Leukocytes rolling on atherosclerotic endothelium are primarily of myelomonocytic origin. A: Leukocyte rolling in rhodamine 6G (R6G)-treated ApoE^−/− mice (n = 17) and untreated ApoE^−/−/Lys^EGFP/EGFP mice (n = 25). Rolling was analyzed in a 100 × 100 μm endothelial surface area on shoulder regions of plaque (P = 0.62). B: Leukocyte rolling flux in ApoE^−/−/Lys^EGFP/EGFP mice before and after treatment with R6G (n = 5, P = 0.59).

Figure 6

Neutrophils account for most leukocyte–endothelial interactions in shoulder regions on lesions.
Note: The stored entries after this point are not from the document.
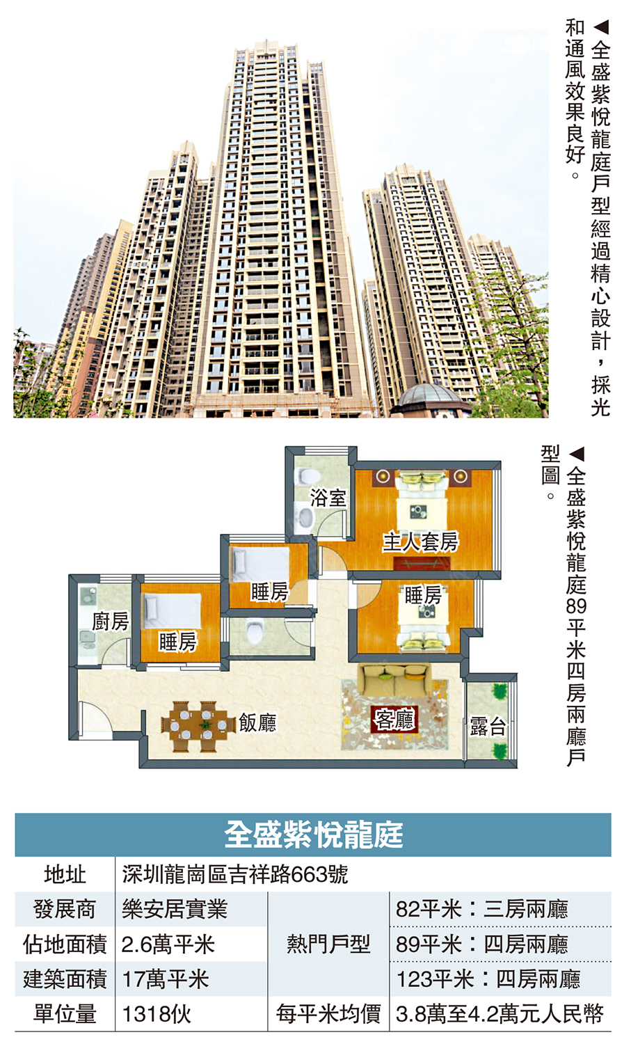 全盛紫悅龍庭位於龍崗區吉祥路,佔地2.6萬平米,建築面積17萬平米,有3幢高樓,每一幢樓有多個戶型,共計1318伙。間隔由小單位的一房至兩房,到大單位的三房至四房,每款戶型都經過精心設計,空間布局合理,採光和通風效果良好。主力戶型包括82平米三房和89平米四房。小區綠化率30%,共有953個停車位,略顯不足,市場每平米均價3.8萬至4.2萬元人民幣。
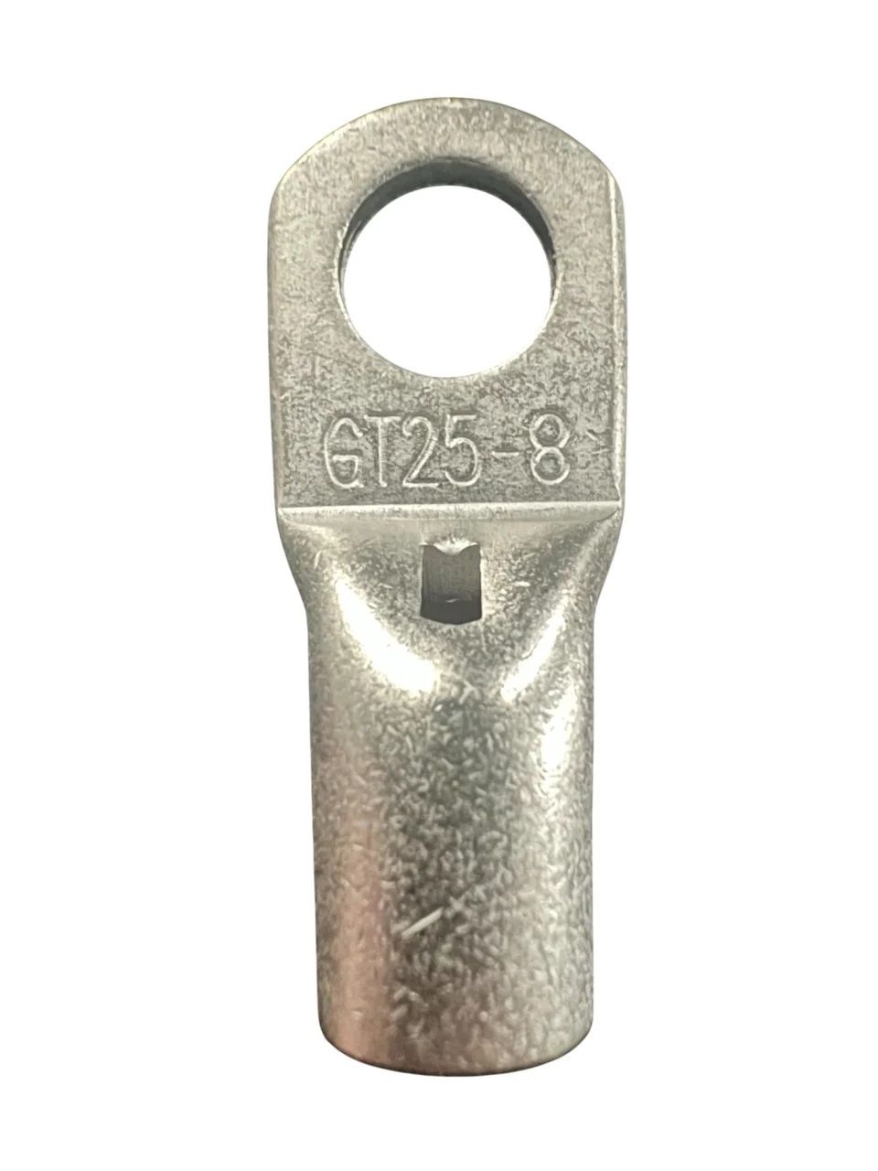 GT258 - Papuc cupru electrolitic neizolat, cu gaura surub M8, pentru fir de 25mmp reprezintă alegerea ideală pentru conexiuni electrice sigure și durabile. Acești papuci sunt fabricați din cupru de înaltă puritate, placat cu cositor pentru o rezistență excelentă la coroziune, fiind potriviți pentru aplicații în medii industriale, auto sau comerciale.
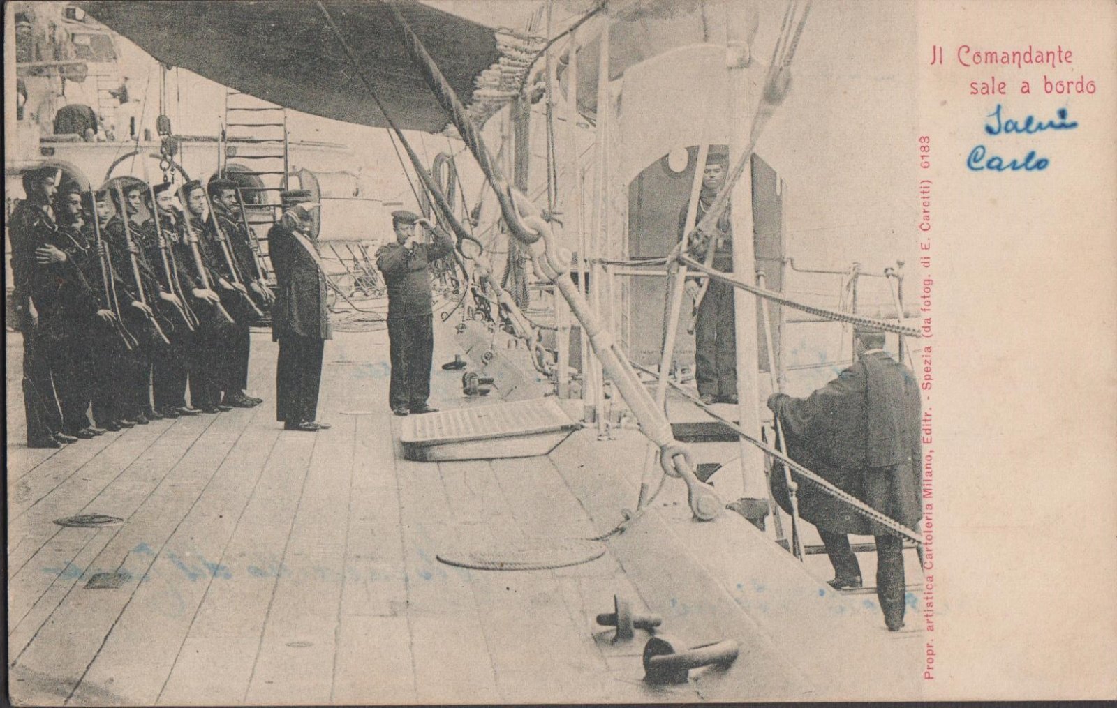 Cartolina Serie Vita di Bordo Il comandante sale a bordo nvg 1901
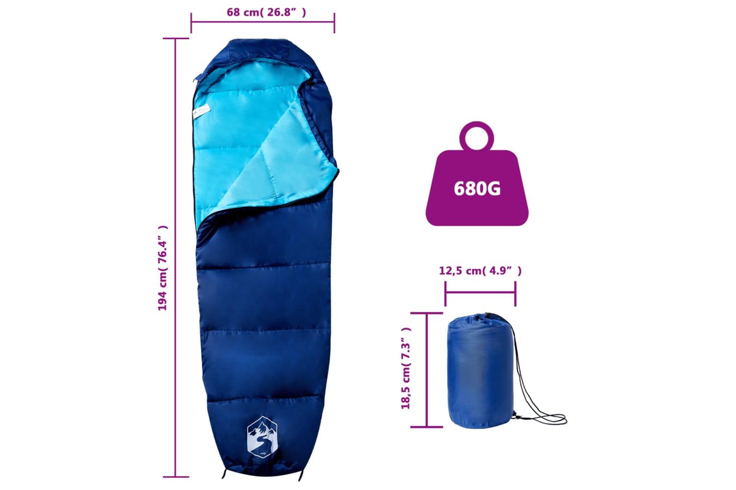 - Sleeping bag size: 194 x 68 cm (L x W)

Leukocyte rolling flux in ApoE^−/− mice (A) or hApoB100/LDLR^−/− mice (B) after BMT with Lys^EGFP/EGFP (fluorescent neutrophils and monocytes, n = 6 and 4) or CX3CR1^EGFP/EGFP (fluorescent monocytes, n = 7 and 4) bone marrow before and after treatment with R6G. C: Leukocyte rolling on atherosclerotic endothelium after depletion of circulating monocytes (n = 5) or neutrophils (n = 5). **P < 0.01, ***P < 0.0001.